Stewart v. Case

54 N.W. 938 | Minn. | 1893

The defendants were assessor and assistant assessor of the city of Minneapolis. In each of several counts as a *66 cause of action the complaint alleges that the defendants, acting in such capacities, wrongfully, unlawfully, willfully, and maliciously conspired, confederated, and agreed together with intent to injure the plaintiff, and to assess, and did so assess, certain of his real estate at certain sums, which it alleges to have been excessive, in equitable, and overvaluation, and that thereby he was compelled to pay, and did pay, for taxes a certain sum in excess of what he ought justly and legally to have paid.

It is unquestionable, and has been from the earliest days of the common law, that a judicial officer cannot be called to account. In a civil action for his determinations and acts in his judicial capacity; however erroneous or by whatever motives prompted. This rule and the reason for it are nowhere more clearly and emphatically stated than by Mr. Justice Cornell inStewart v. Cooley, 23 Minn. 350. The only question has been as to its application to officers whose duties are largely ministerial only, when they come to perform duties imposed on them in their nature judicial or quasi judicial, as is the case with an assessor under the tax laws. When he comes to determine the value of property he exercises a quasi judicial function; he must determine it upon his judgment. Judge Cooley, in his work on Taxation, (page 786,) lays it down that the exemption from private actions extends to assessors. If the rule protects such officers at all, it protects them for the same reason and to the same extent as in the case of judges of courts. There are but few decisions in which the question was directly involved. We are not referred to and do not find any holding that the exemption does not extend to such officers as assessors. The cases of Weaver v. Devendorf, 3 Denio, 117; Barhyte v. Shepherd,35 N.Y. 238; Western Railroad Co. v. Nolan, 48 N.Y. 513; Baker v.Allen, 21 Pick. 382, — hold that it does extend to them, and other decisions extend the rule to other officers when performing duties requiring the exercise of judgment. See Harrington v.Commissioners of Roads, 2 McCord, 400; Freeman v. Cornwall, 10 Johns. 470; Sage v. Laurain, 19 Mich. 137; Van Steenbergh v. Bigslow, 3 Wend. 42; Burton v. Fulton, 49 Pa. St. 151;Harman v. Tappenden, 1 East 555; Wall v. Trunbull,16 Mich. 228.

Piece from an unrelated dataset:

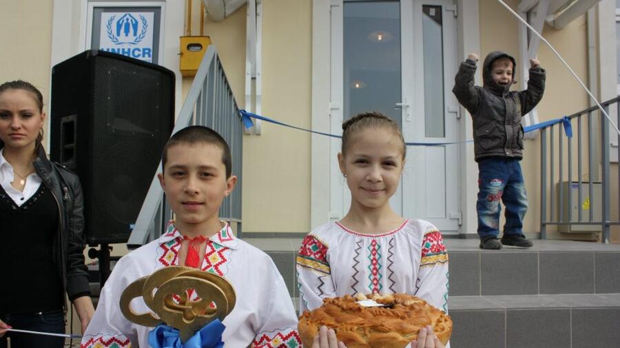 Under a joint project between UNHCR and the European UnIon, refugee families in Moldova take possession of renovated apartments.

The same reason which justifies the rule of exemption in the case *67 of judges of courts applies to assessors, when they are determining the value of property for the purposes of taxation. Protection is not extended to the judge for his own sake, but because the public interest requires full independence of action and decision on his part, uninfluenced by any fear or apprehension of consequences personal to himself, except in so far as he may be accountable to the state for the manner in which he shall discharge the duties intrusted to him. It is also for the public interest that assessors, in determining values for purposes of taxation, should possess the same independence. If they were liable to have the considerations upon which they make the valuations impeached at the suit of every dissatisfied property owner, it is doubtful if men fit to hold the office could be induced to take it.

Upon both reason and authority, therefore, we hold that the exemption includes assessors in making assessments to the same extent that it does judges in exercising their judicial functions.

The assessment being unimpeachable in this action, in contemplation of law the alleged agreement or combination to make an excessive assessment, even if in so agreeing defendants were acting outside their quasi judicial functions, did not result in any injury to appellant, and without injury the action cannot be maintained. If there were an overvaluation, the law affords another remedy.

Order affirmed.

VANDEABURGH, J., took no part in this decision.